Computers have brought the issues of user interface (UI/UX) to the forefront — but designers and engineers have been considering these issues for thousands of years, across many different technologies. Creating and improving technologies is never a matter of right vs. wrong, but rather a matter of balancing the trade-offs. In this talk, Mark Madsen describes a number of the trade-offs that engineers have made throughout history, and then tells us how this perspective applies to SQL vs. NoSQL and big data analytics. Even if you’re not working with big data, this talk is a fun and clever history of various data storage and retrieval mechanisms, starting with clay tablets.

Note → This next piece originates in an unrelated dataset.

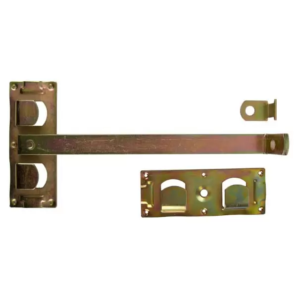 Воротная задвижка — это прочный стальной механизм, который надёжно запирает ворота, двери и другие крупные конструкции. Покрытие жёлтым цинком не только защищает от коррозии, но и делает задвижку хорошо заметной. Это отличный выбор для обеспечения безопасности на частных, коммерческих и промышленных объектах.

[Video 187] Kyle Kastner: Machine Learning 101

Machine learning” sounds like the basis for a new (and possibly bad) science fiction movie. But in fact, it’s the idea that we can ask the computer to identify patterns in large data sets — patterns that we would otherwise miss. Now, machine learning isn’t new, but it has become increasingly important, given the rise of big data, and the need for businesses to understand their customers better. Python has become an increasingly popular tool for implementing machine learning, thanks in part to scikit-learn, a Python package built on top of NumPy and SciPy.  In this talk, Kyle Kastner introduces scikit-learn, and describes what we can do it with, as well as how to do so.